Montréal-Toronto : Trois constats sur l’Impact

L’Impact de Montréal aura montré à tous qu’une victoire qui fait mal au gagnant, c’est possible. Après avoir pris les devants par trois buts, le bleu-blanc-noir est vite redescendu sur terre quand les joueurs désignés Altidore et Bradley ont tour à tour troué la toile du dirigeable montréalais en partance vers l’Ouest américain. Voici mes trois constats sur ce match.
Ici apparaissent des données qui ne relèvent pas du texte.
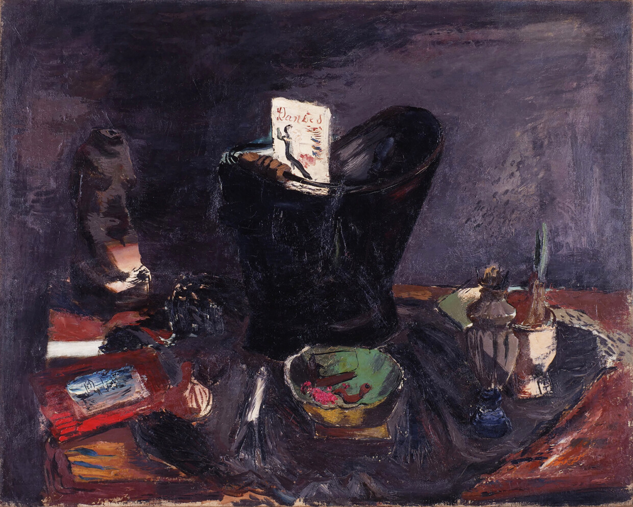 在学中から卒業後には、石膏像や髑髏など西洋絵画の伝統的な静物のモチーフにも挑戦しています。また、人物を中心とした絵画においても様々な静物を描きました。たとえば、身近な人物、アトリエの中のモデル、パリ遊学中に街で出会った人々などを表した絵画の中に、本や楽器、壺、果物などのモチーフが登場します。静物のみを描いた作品も、人物と静物をともに描いた作品も、いずれの場合もモチーフの色や形、配置などの工夫により、画面全体のコンポジションがつくり上げられています。
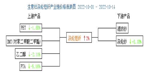 這兩周國際原油期貨價(jià)格受OPEC+擬將日產(chǎn)量削減逾200萬桶以支撐油市的影響大幅沖高,但后期對(duì)未來全球需求的持續(xù)擔(dān)憂及IMF對(duì)經(jīng)濟(jì)前景的悲觀預(yù)測油價(jià)回落,美油期貨主力兩周大漲約10.7%收于85.6美元每桶。近期國內(nèi)PTA裝置負(fù)荷有所提升,后續(xù)有新裝置投產(chǎn)預(yù)期,庫存壓力增加,下游開工負(fù)荷相比往年處于低位,整體表現(xiàn)旺季不旺,對(duì)原料需求雖所有改善但整體仍然偏弱,油價(jià)上漲帶動(dòng)PTA期貨小漲。國慶節(jié)后乙二醇國內(nèi)整體開工負(fù)荷上升,下游需求不溫不火,乙二醇價(jià)格承壓走弱。國慶假期短纖產(chǎn)銷放量,庫存下降推動(dòng)價(jià)格上漲,隨著前期檢修裝置計(jì)劃重啟,開工預(yù)期提升,價(jià)格回落。下游近期開工變化不大,純滌紗和滌棉紗市場價(jià)格相對(duì)穩(wěn)定,整體交投一般,促銷出貨為主,以非新疆溯源及再生訂單詢價(jià)為主。
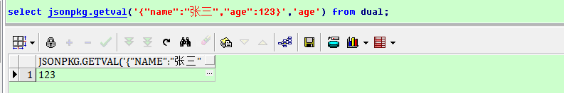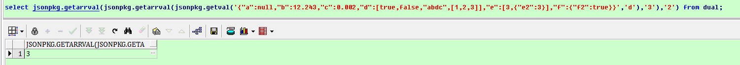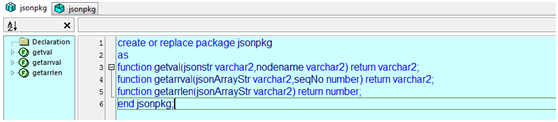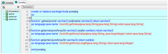 create or replace package jsonpkgasfunction getval(jsonstr varchar2,nodename varchar2) return varchar2;function getarrval(jsonArrayStr varchar2,seqNo number) return varchar2;function getarrlen(jsonArrayStr varchar2) return number;end jsonpkg;/create or replace package body jsonpkgasfunction getval(jsonstr varchar2,nodename varchar2) return varchar2as language java name 'JsonUtil.getValue(java.lang.String,java.lang.String) return java.lang.String';function getarrval(jsonArrayStr varchar2,seqNo number) return varchar2as language java name 'JsonUtil.getArrayValue(java.lang.String, java.lang.Integer) return java.lang.String';function getarrlen(jsonArrayStr varchar2) return numberas language java name 'JsonUtil.getArrayLength(java.lang.String) return java.lang.Integer';end jsonpkg;/

1) L’Impact a bien profité du 3-5-2 de Toronto
Comme je vous en avais fait part lors de mon aperçu des matchs aller, j’étais sceptique quant à l’utilisation du 3-5-2 par Greg Vanney. Vu les dimensions du terrain et la solide capacité des Montréalais à faire mal en contre, c’était un choix risqué. De fait, l’Impact a rapidement profité des espaces pour frapper par deux fois grâce à sa vitesse et sonner complètement les Torontois. Qui plus est, tout au long des 60 premières minutes, on a revu l’excellente organisation défensive que l’Impact avait montrée contre DC United. Les visiteurs étaient sans ressources, sans idées, sans options. Domination sur toute la ligne (!) des Montréalais.

2) L’Impact a souffert quand Toronto a finalement occupé l’axe du terrain
Coup du sort, c’est quand Greg Vanney a abandonné son 3-5-2 que Toronto a trouvé le moyen de revenir à la vie. Alors que Piatti et Oduro, complètement vidés par leurs envolées magiques de la première heure de jeu, avaient commencé à traîner de la patte dans le repli défensif, Vanney a remplacé Osorio et Cooper par Johnson et Ricketts pour animer l’axe du terrain. Avec Giovinco replacé un cran plus bas derrière Altidore et Ricketts, et Johnson en soutien à Bradley, Toronto avait placé les pions pour faire sauter le verrou de l’équipe locale. Comme les ailiers montréalais étaient de plus en plus effacés en phase défensive, Toronto s’est vite retrouvé avec plus d’espace de manœuvre et a commencé à prendre ses aises dans le dernier tiers des locaux. Les surnombres causés par les replis approximatifs de Piatti et Oduro ont finalement forcé la désorganisation du bloc défensif montréalais et coûté deux buts. Deux gigantesques buts qui ont pour effet de prolonger la ligne (!!) de vie des Torontois.

3) On se serait cru en Ligue des champions
Oui, je me répète. Je vous avais expliqué en long et en large après le match aller contre New York que l’Impact était en mode Ligue des champions. Si je vous en parlais pour les bonnes raisons, cette fois, c’est pour les mauvaises que je le fais. En effet, la seconde mi-temps du match contre Toronto n’était pas sans rappeler une certaine seconde mi-temps contre un certain club mexicain lors d’une certaine finale. Encore une fois, à un moment crucial, alors qu’il se devait de contrôler les débats, l’Impact a perdu pied et s’est mis à paniquer. Par contre, cette fois, il est parvenu à reprendre ses esprits rapidement pour limiter les dégâts, même si ce second but torontois pourrait faire très mal en bout de ligne (!!!).

Si les Montréalais sont rentrés dans cette série aller-retour à pleine vapeur, les Torontois, en marquant ce second but, semblent avoir renversé ladite vapeur. Autant le momentum était du côté Montréalais au terme du match aller contre New York, autant cette fois, ce sont les hommes de Mauro Biello qui font face à leurs propres questionnements. Mais au fond, peu importe; un match nul suffira, comme un certain soir de juillet 2008.